A la Scala, une mise en scène très enlevée de la pièce de Beaumarchais avec Philippe Torreton
Un roulement de tambour ouvre la représentation et donne le « la » : c’est bien tambour battant qu’elle sera menée, jusqu’au « ça ira » final, annonciateur des bouleversements à venir. Créée par la Comédie-Française en 1784, après plusieurs interdictions, la pièce de Beaumarchais dresse un tableau de la société de l’époque, avec la domination de classes, la corruption de la justice, le rôle des femmes réduit à l’aliénation et au seul plaisir… Elle fait oeuvre, sous des dehors légers, de dénonciation sociale. Mais ce qui l’emporte et court tout au long de la comédie, c’est bien le désir, à l’image de Chérubin, feu follet agitateur des sentiments. Le jeune page désire la Comtesse tandis que le Comte fait des avances à Suzanne, laquelle doit épouser Figaro, poursuivi par Marceline… Tous les personnages se courent après, littéralement, dans la mise en scène alerte de Léna Bréban, qui insuffle un rythme endiablé à la comédie. Et même si l’on en connaît tous les détours, elle apparaît ici plus vive et nerveuse dans sa version allégée, ragaillardie par une interprétation trépidante.

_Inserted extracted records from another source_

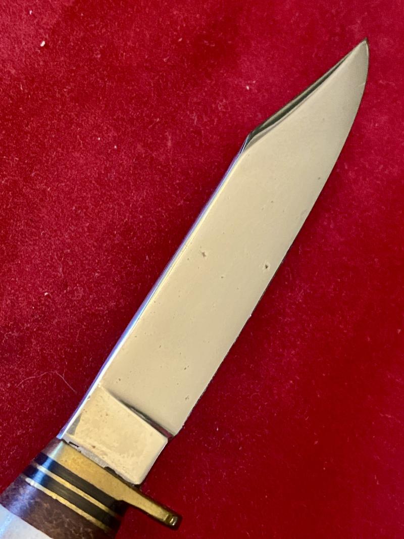 This bowie/hunting knife is in mint condition and has a 3” highly polished steel blade.
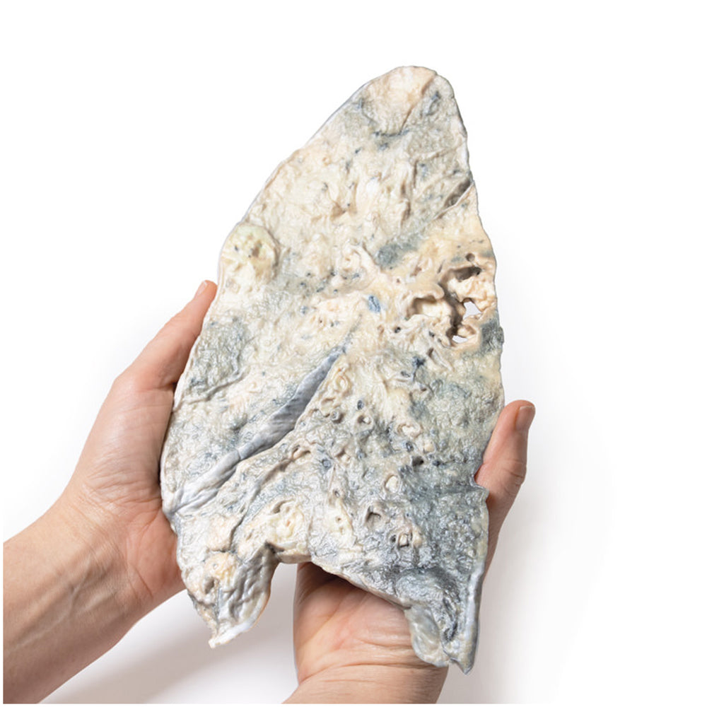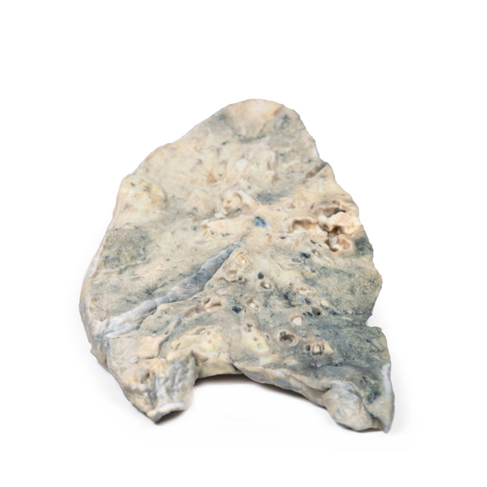 The right lung has been bisected. There are multiple irregular abscess cavities visible. The largest of these, in the apex of the lower lobe, measures 4 x 3 cm in diameter.
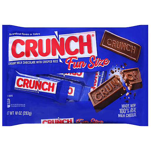 It's time to get your sweet treat on with CRUNCH Fun Size candy bars in a shareable pack. These perfectly fun sized, crispy chocolate bars are small in size but big on taste. Packed with creamy 100% milk chocolate and crisped rice, these individually wrapped candy treats are easy to snack on and enjoy. The shareable pack lets you take these irresistible chocolate bars anywhere and share with anyone. They're great for the home or office candy bowl, school lunch boxes, parties, get-togethers, dessert or a movie night sweet treat. CRUNCH is made with no artificial flavors or colors. CRUNCH Fun Size candy bars are the treat everyone knows and loves.
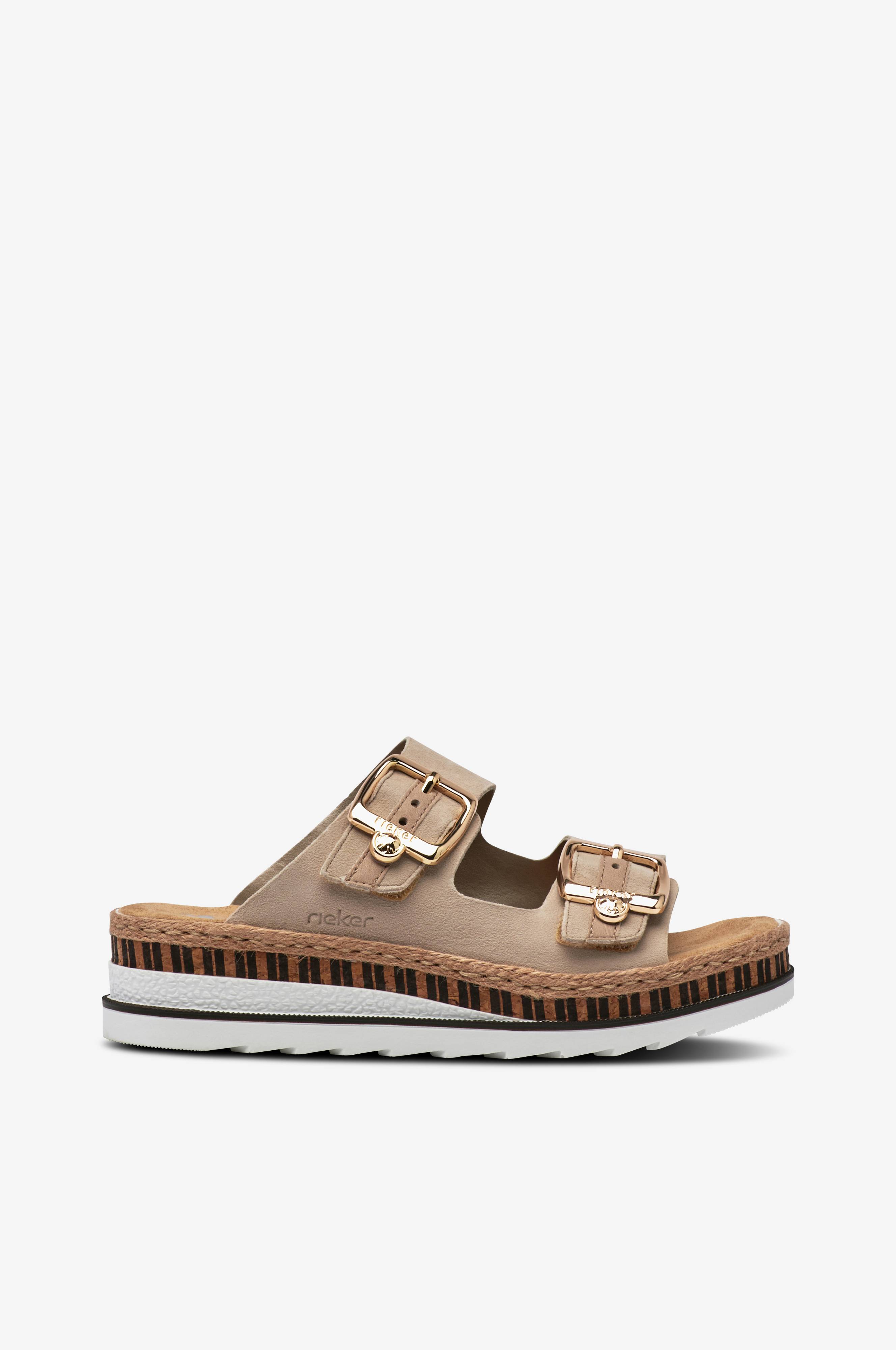 • Fremstillet af imiteret læder• Lav wedgehæl• To justérbare remme med velcrolukning• Dekorative spænder i guldfarvet metal• Rebbeklædt midtersål• Hælhøjde: 4,5 cm• Blødt polstret, stødabsorberende Antistress-indlægssål
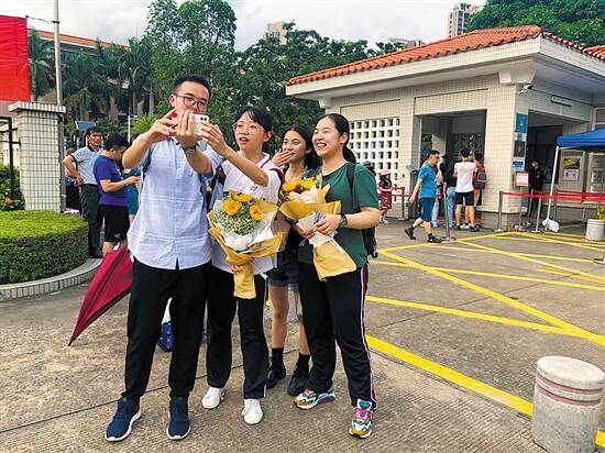 高考最后一场考试还未结束,珠海几个考点外面便聚集了不少家长。8日下午4时多,在珠海市第一中学考点,来自珠海西区的刘女士捧着一束漂亮的花朵等待女儿走出考场,“孩子备考很辛苦,等她走出考场,第一件事就是拥抱她”。何女士也为儿子准备了一束漂亮的向日葵,“希望孩子以后的生活欣欣向荣,也希望他不仅照亮自己,也能照亮别人,”何女士说,儿子梦想的大学是浙江大学,“希望他能梦想成真”。
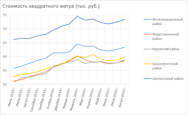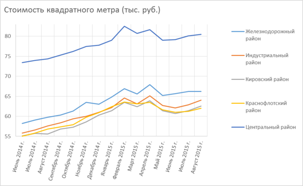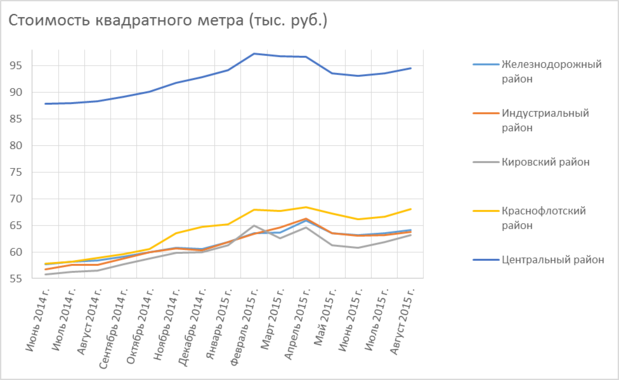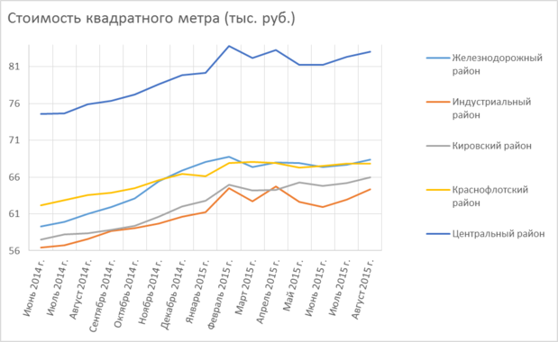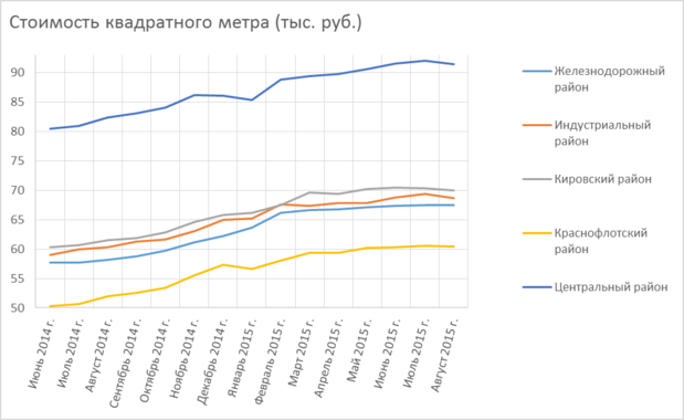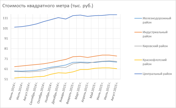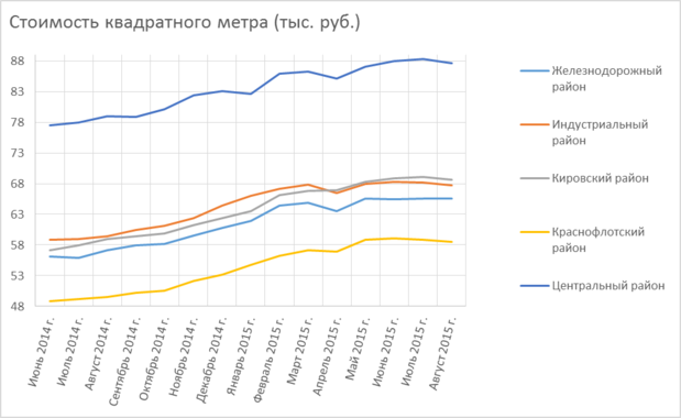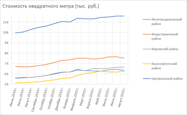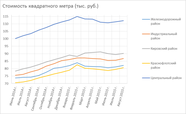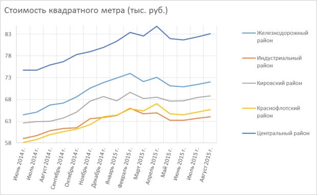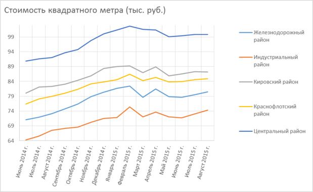 Прогноз рынка: прогнозируется рост цены за квадратный метр у Железнодорожного, Индустриального и Краснофлотского районов (у последнего рост в 1,8%), а в Центральном и Кировском районе изменения стоимости жилья не наблюдается.
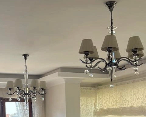 27✨ Luxury TV Wall System – Modern Wood Design + Free Chandeliers! ✨ Upgrade your living room with this modern, elegant wall unit that combines style, functionality, and warmth. ✅ Beautiful wood finish — fits perfectly with any décor ✅ Ample storage for TV, décor, and accessories ✅ Includes FREE chandeliers (European compatible — may require adapter for use in Canada) ✅ Solid, well-made structure ✅ Excellent value for the full set Please note: • The lights haven’t been tested in Canada, but they were tested in Europe and worked perfectly there. • Scratches due to normal use. • No solid backdrop behind the wall cabinet — great for placing an air conditioner or managing cables easily. • The back unit is already disassembled. • The rest of the unit needs to be disassembled for transport — minimum two people required to carry. Size (bottom piece): 341 cm (W) × 50 cm (D) × 38 cm (H) $999 for the entire set! (TV wall system + 2 chandeliers) Decorative items in photos are props and not part of the sale. Pickup only (M4E)

Une distribution audacieuse
Des éléments de décor déplacés à vue (portes mobiles, toile de Jouy, petite fenêtre,…) laissent le champ libre à l’évocation d’une chambre, d’un salon, plus tard d’un jardin, et autorisent toutes les fantaisies aux interprètes, à commencer par Antoine Prud’homme de la Boussinière, étonnant Chérubin à la silhouette longiligne. Les interprètes sont au diapason : Marie Vialle, Suzanne aux mille ruses, Grétel Delattre, fine Comtesse, Grégoire Oestermann, élégant Comte, Annie Mercier, puissante Marceline, Jean-Jacques Moreau, roué Bartholo,… Le texte résonne de sa modernité intacte, et nul besoin d’en appuyer le côté féministe, il est entre les lignes. Porté par Philippe Torreton qui connaît son Figaro sur le bout du cœur, le célèbre monologue de l’acte V touche son auditoire quand il fait entendre son lot de résistance : « Ne pouvant avilir l’esprit, on se venge en le maltraitant » ou encore, pour le Beaumarchais journaliste : « il n’y a que les petits hommes qui redoutent les petits écrits ». Tout était dit, et rien de changé.
La Folle journée ou le Mariage de Figaro * * *
La Scala, 13 bd de Strasbourg, Paris 10e. Tél. 01 40 03 44 30. www.lascala-paris.com Jusqu’au 4 janvier 2026.